Party shall not use the Service in any manner other than that for which the Service was intended and shall refrain from using the Services in any manner, which would adversely affect Gamut’s equipment, network or the Gamut service to others. Gamut reserves the right to discontinue service without notice in the event of any such unlawful or adverse use.


Party does not assign its rights or delegate Party responsibilities hereunder without Gamut express written permission; except pursuant to the sale of Parties business, or all or substantially all of Party assets. Gamut may, at any time, assign its rights or delegate its obligations hereunder in accordance with the law of the Commonwealth of Massachusetts.


Gamut reserves the right to modify the AUP at any time without notice. Changes or updates to the Policy are effective upon posting on Gamut’s website, It is the Party responsibility to check the foregoing website for updates. Party continued use of the Service subsequent to the posting of any updated policy shall constitute Party acceptance thereof. Party warrant and represent that Party will abide by the terms and conditions of this Agreement and terms set forth in Gamut’s AUP while subscribing to such Services.
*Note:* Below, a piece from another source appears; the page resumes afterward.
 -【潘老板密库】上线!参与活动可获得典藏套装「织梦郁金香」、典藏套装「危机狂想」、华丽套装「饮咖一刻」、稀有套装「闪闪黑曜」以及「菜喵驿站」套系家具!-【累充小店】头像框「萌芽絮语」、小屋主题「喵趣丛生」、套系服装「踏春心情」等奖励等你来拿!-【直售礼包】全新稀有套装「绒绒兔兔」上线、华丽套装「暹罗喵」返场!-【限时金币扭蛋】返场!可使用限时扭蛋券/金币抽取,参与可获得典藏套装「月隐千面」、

The law of the Commonwealth of Massachusetts shall govern this Agreement and any dispute arising out of this Agreement or Service Addendum(s) shall be brought and venued in the Commonwealth of Massachusetts. Failure of either Gamut or Party to insist upon the strict compliance by the other with any of the terms, covenants or conditions of this Agreement shall not be construed as a waiver of any subsequent breach. The terms and conditions set forth in this Agreement, any applicable Service Addendum(s), the AUP, and Gamut tariffs represent the entire understanding of the parties with respect to the services provided hereunder. The Person signing this Agreement on its behalf is duly authorized to bind it to this Agreement.



E911 Service is a safe and reliable emergency service if used in accordance with the limitations and requirements set forth herein. E911 Service will not work if there is an electrical or internet service outage for any reason. You may employ a back-up power supply to operate phones and equipment in the event of a power outage. E911 Service will also not work if Party Service is suspended or terminated for any reason. If Party moves this device to another location, you must update your address. Party may register only one location at time. When Party updates Party location, it can take up to 30 days to activate 911 service at the updated address. E911 Service may not function outside of Party calling area or outside of the United States.
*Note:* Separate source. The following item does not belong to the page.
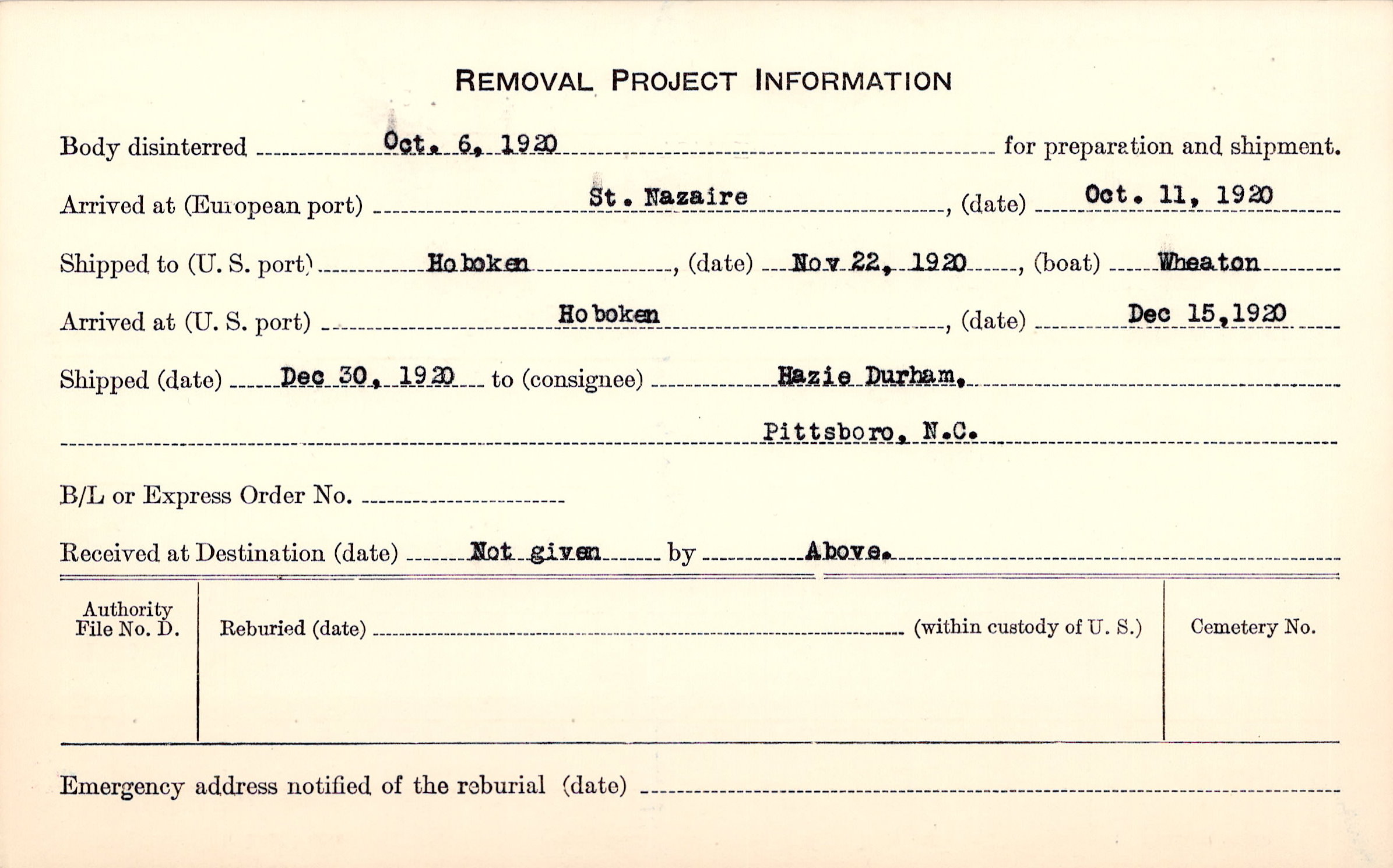 Body disinterred 10/6/1920 for preparation and shipment.

Party understands and agrees that Party are liable for all use of this Service and/or device by Party or any person making use of the Service or device. Party may not use this Service or device for any unlawful, abusive or fraudulent purpose. Party agrees to defend, indemnify, hold harmless Gamut against any and all claims, damages, costs, attorneys’ fees and liabilities arising out of the use of this Service, the inability to use this Service for any reason, or the inability to access E911 service. Party understands and agrees that the Service is provided on an “as is” or “as available” basis and that Gamut does not provide any warranty, either express or implied, regarding or concerning the Service or device, including any warranty of merchantability, fitness for a particular purpose, or that the Service will function without failure, delay, interruption, error, degradation of voice content, or loss of content, data, or information.


Within 10 days of the termination of Services for any reason, Party agrees to return to Gamut any and all equipment purchased from Gamut by a secure delivery service. If Party does not return the equipment as required in good working order, Party will be liable for the purchase price of the Equipment as invoiced by Gamut. Party is not permitted to alter or repair any equipment obtained from Gamut without the express written authority of Gamut.